Customer devices may still see intermittent cellular network connection/authentication issues as device modules attempt to reconnect following the initial outage, but this is now improving. Due to excessive signaling load during restoration efforts, which occurred as waiting devices attempted to reconnect simultaneously, increased GRX/IPX link capacity remains elevated to mitigate cellular network connection/authentication delays.

Users of Hologram's "Indigo" connectivity offering remain unaffected. Hologram Engineering and Customer Success teams are continuing to monitor as service returns to standard levels.
Posted Jul 13, 2020 - 17:34 UTC
Update
Hardware links have been successfully restored by an upstream cellular gateway provider. Customer devices may see intermittent cellular network connection/authentication issues as device modules attempt to reconnect following the initial outage. Due to excessive signaling load during restoration efforts, which occurred as waiting devices attempted to reconnect simultaneously, increased GRX/IPX link capacity remains elevated to mitigate cellular network connection/authentication delays.

Users of Hologram’s “Indigo” connectivity offering remain unaffected.
Posted Jul 13, 2020 - 16:29 UTC
Update
Affected devices have continued to reconnect following the restoration of network services at our global gateway partner. Due to excessive signaling load during restoration efforts, which occurred as waiting devices attempted to reconnect simultaneously, our global gateway partner also increased GRX/IPX link capacity to mitigate cellular network connection/authentication delays. Some devices reconnecting during the period of excessive signaling load timed out while attempting a connection/authentication to the cellular network, and some of those devices have reconnected.

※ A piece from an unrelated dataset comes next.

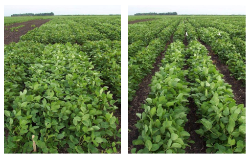 14-inch rows (left) and 28-inch rows (right) at 150,000 pls/A in late July during year two of the study at Prosper.
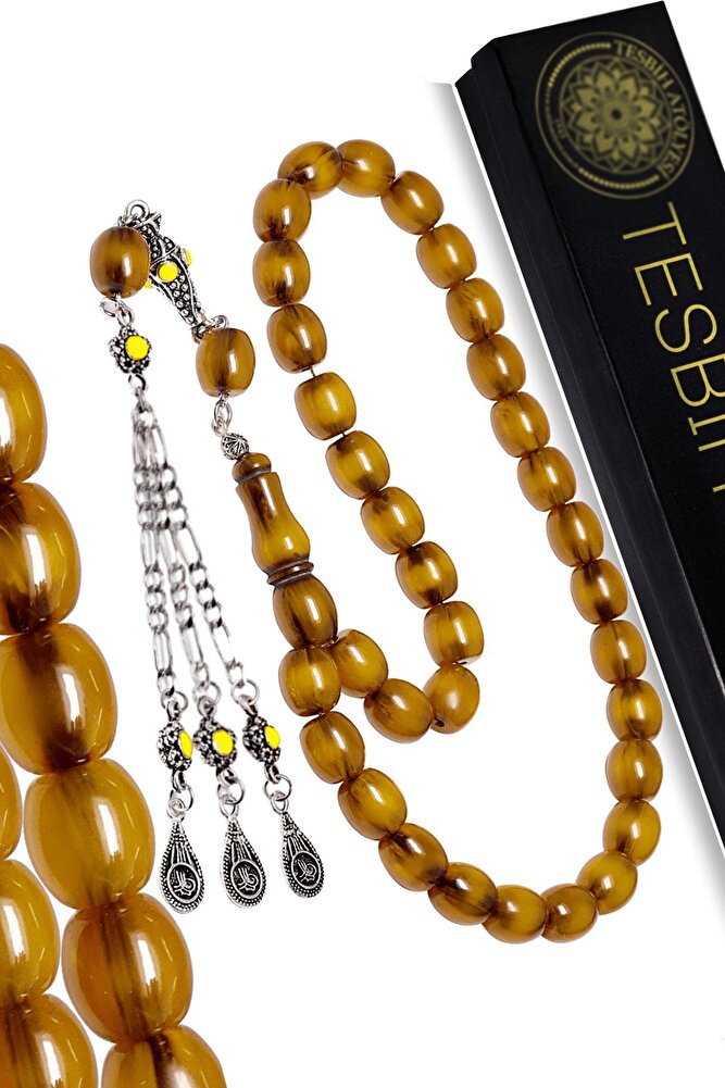 (Baş Ağrısı Sinir ve Stres) Tesbih Atölyesi, Sıkma kehribar tesbih, tasarımları özel olarak usta ellerde tasarlanır. Tasarımlarımız el yapımı olup sınırlı adette üretilmektedir. Tasarımlarda kullanılan püsküller düşük ayar gümüşten imal edilir. Tasarımlarda kullanılan kehribar taneleri hareli özel kalıplardan yapılır. Yapay reçine ile üretilmektedir. Ürünlerimiz renk almakta ve koku vermektedirler. Bu tasarımda; Sarı renkli yoğun hareli osmanlı benzetmesi renk alan kaliteli dabbas çubuk sıkma kehribar reçine kullanılmıştır. Her kehribar tanesi birbirinin aynısı olmadığı için küçükte olsa farklılıklar gösterebilir. Üretildiği Malzeme; Sıkma Kehribar; Ana Renk; Sarı Renk; Ağırlık; 20-30 gr; Tane Şekli; 10.5x11.5 mm; Tane Ölçüsü; Fıçı Kesim; Toplam Uzunluk; 20-30 cm; İmame ve Püskül Maddesi; Düşük Ayar Gümüş;

Users of Hologram's "Indigo" connectivity offering remain unaffected, and all other services are functioning normally. Hologram Engineering and Customer Success teams are continuing to monitor as service returns to standard levels.
Posted Jul 13, 2020 - 14:29 UTC
Monitoring
Network services are beginning to come back online including Hologram devices. Hologram engineering and success teams continuing to monitor as service returns toward standard levels
Posted Jul 12, 2020 - 23:58 UTC
Update
Network partner engineers are beginning to reroute traffic following systemwide IP failures causing the disruption of service. We will continue to update as we receive more information on progress toward full service restoration.
Posted Jul 12, 2020 - 22:56 UTC
Update
Hologram is continuing to monitor as partner works to restore service. We are awaiting estimated time to resolution and will update when available.
Posted Jul 12, 2020 - 20:19 UTC
Update
Issue confirmed to be wider in scope affecting gateway's non-Hologram service subscribers.
Posted Jul 12, 2020 - 19:08 UTC
Identified
An issue has been identified with a cellular gateway provider affecting all network connectivity routed out of their global point of presence. Hologram has escalated the issue and is actively monitoring for service recovery. We will further update here. Hologram customers using Indigo SIM connectivity are unaffected.
Posted Jul 12, 2020 - 18:47 UTC
Investigating
We are investigating possible issues connecting to the cellular network for some customers.
Posted Jul 12, 2020 - 18:27 UTC
This incident affected: Cellular Networking (Global Cellular Data Network).